The Expropriations Act is a broad and remedial statute aimed at providing a landowner fair and just compensation when land has been taken or injuriously affected by an expropriating authority. A key part of the Expropriations Act provides for the recovery of legal and other professional fees from the expropriating authority. The Expropriations Act directs that the expropriating authority pay the claimant’s reasonable legal, appraisal and other costs actually incurred, provided that the total compensation finally determined is at least 85% of the statutory offer (known as a Section 25 Offer) made by the expropriating authority. Please see our more detailed section on legal and other professional expenses in order to get a better understanding about the cost recovery provisions under the Expropriations Act.
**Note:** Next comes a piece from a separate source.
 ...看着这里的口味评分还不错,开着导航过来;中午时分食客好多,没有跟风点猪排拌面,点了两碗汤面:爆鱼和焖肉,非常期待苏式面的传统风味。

2. How long will it take for the expropriating authority to take possession of my property?
The Expropriations Act dictates the process and timeframe in order for the expropriating authority to gain possession of your property. For a rough estimate of the timeline involved in your situation, please refer to our expropriation planner. One of our expropriation lawyers can assist you to better understand the process and timeframe as may be applicable in your particular circumstances.
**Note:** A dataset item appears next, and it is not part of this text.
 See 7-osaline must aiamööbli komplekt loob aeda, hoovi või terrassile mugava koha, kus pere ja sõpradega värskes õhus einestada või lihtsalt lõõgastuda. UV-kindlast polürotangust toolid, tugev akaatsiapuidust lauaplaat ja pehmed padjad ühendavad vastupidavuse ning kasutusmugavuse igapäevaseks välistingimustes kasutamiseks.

3. I have a business on the property. How is the expropriating authority going to compensate me for moving or interrupting my business?
The Expropriations Act provides for the recovery of business expenses and losses caused by the relocation or interruption of your business. An expropriation lawyer can provide you with specific advice as it pertains to the circumstances of your business.
4. I understand the need for my property to be acquired. Can I negotiate an agreement with the expropriating authority in order to avoid litigating against the expropriating authority?
Yes. The Expropriations Act provides for the opportunity for you to make an agreement (known as a Section 30 Agreement) with the expropriating authority that protects all of your rights to compensation while providing the expropriating authority the opportunity to gain possession of your land without undergoing all of the formal procedures outlined in the Expropriations Act.
5. Can I stop the proposed expropriation of my property?
You are able to request a Hearing of Necessity (also known as an Inquiry) at which the expropriating authority must demonstrate that its proposed taking of your property is fair, sound and reasonably necessary. A Hearing of Necessity is a quasi-judicial proceeding in which you will be able to call evidence in opposition to the proposed taking. At the conclusion of a Hearing of Necessity, the presiding Inquiry Officer will write a report with a recommendation to the Expropriating Authority. However, it is extremely unlikely you will stop the proposed expropriation because the Expropriating Authority only has to consider the Inquiry Officer’s report and does not have to follow any recommendations made.
6. Does the Expropriating Authority pay interest if we cannot resolve my claim early in the process?
The Expropriating Authority usually is compelled to pay 6% interest from the date your lands cease to be productive to you. In rare circumstances, interest as high as 12% could be awarded if the Expropriating Authority is shown to have caused delay in the determination of compensation or no interest could be payable if you are shown to be the cause of delay in the determination of compensation.
7. Why should I hire an expropriation lawyer?
An expropriation lawyer will assist you with understanding all of your rights to compensation under the Expropriations Act and can help you negotiate or litigate fair and just compensation.